Problem — Return only what runs from the line containing "Пространственное размещение лесопатологических" through the last line of the entries below, exactly, omitting pictures.

Extracted information Start Marker

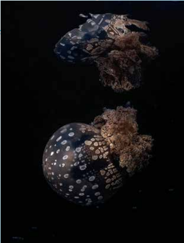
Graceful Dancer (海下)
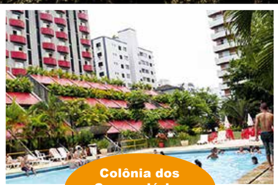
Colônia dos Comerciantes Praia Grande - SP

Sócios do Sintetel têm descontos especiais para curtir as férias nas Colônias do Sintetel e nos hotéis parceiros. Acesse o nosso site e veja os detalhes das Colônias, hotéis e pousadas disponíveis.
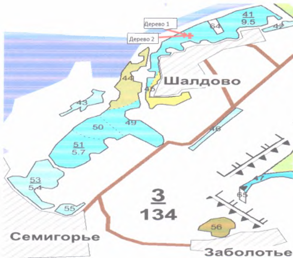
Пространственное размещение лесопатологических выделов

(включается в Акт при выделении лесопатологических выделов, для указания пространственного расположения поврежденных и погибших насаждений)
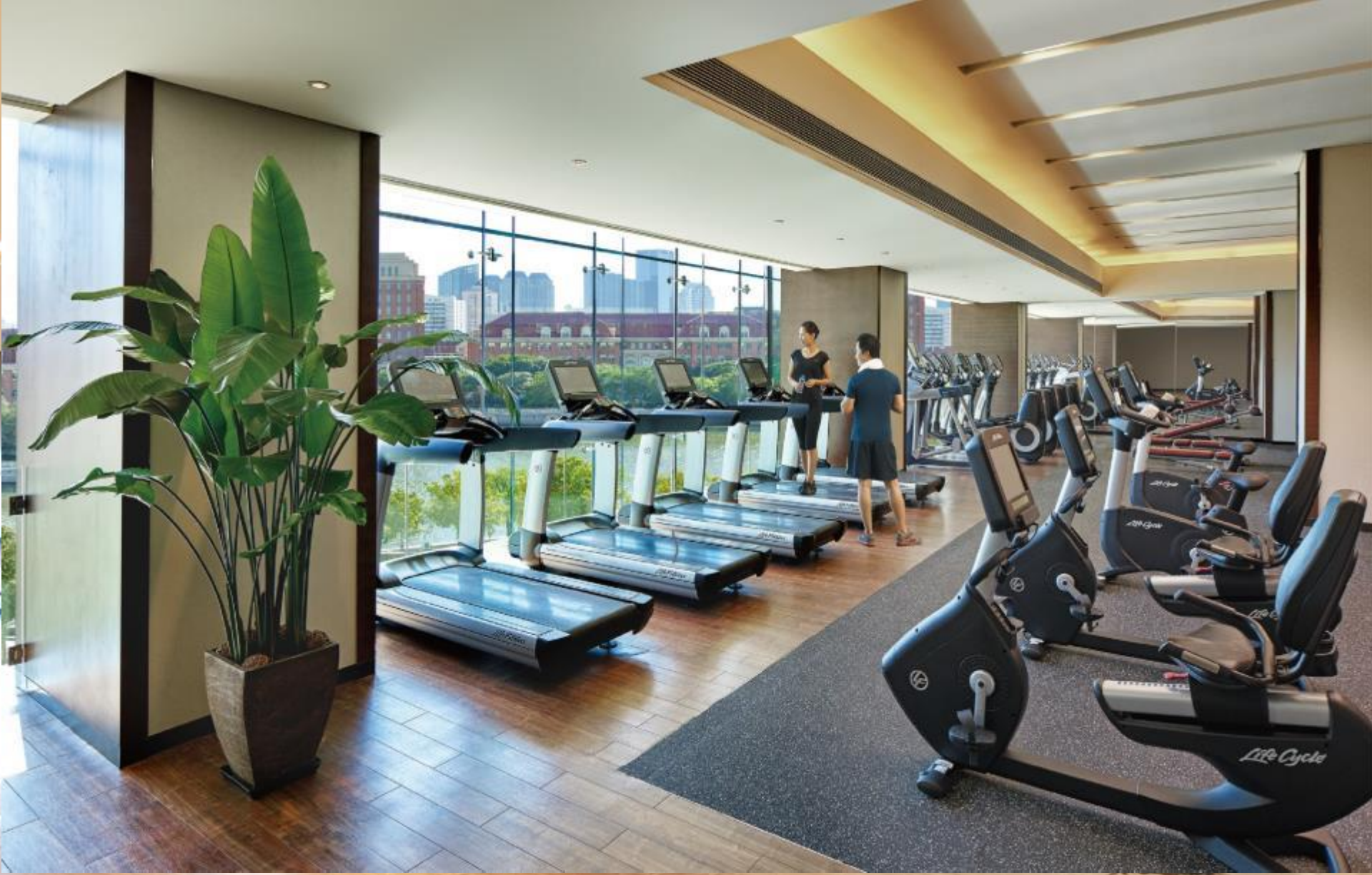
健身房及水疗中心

Extracted information End Marker

Written answer —
Пространственное размещение лесопатологических выделов

(включается в Акт при выделении лесопатологических выделов, для указания пространственного расположения поврежденных и погибших насаждений)
健身房及水疗中心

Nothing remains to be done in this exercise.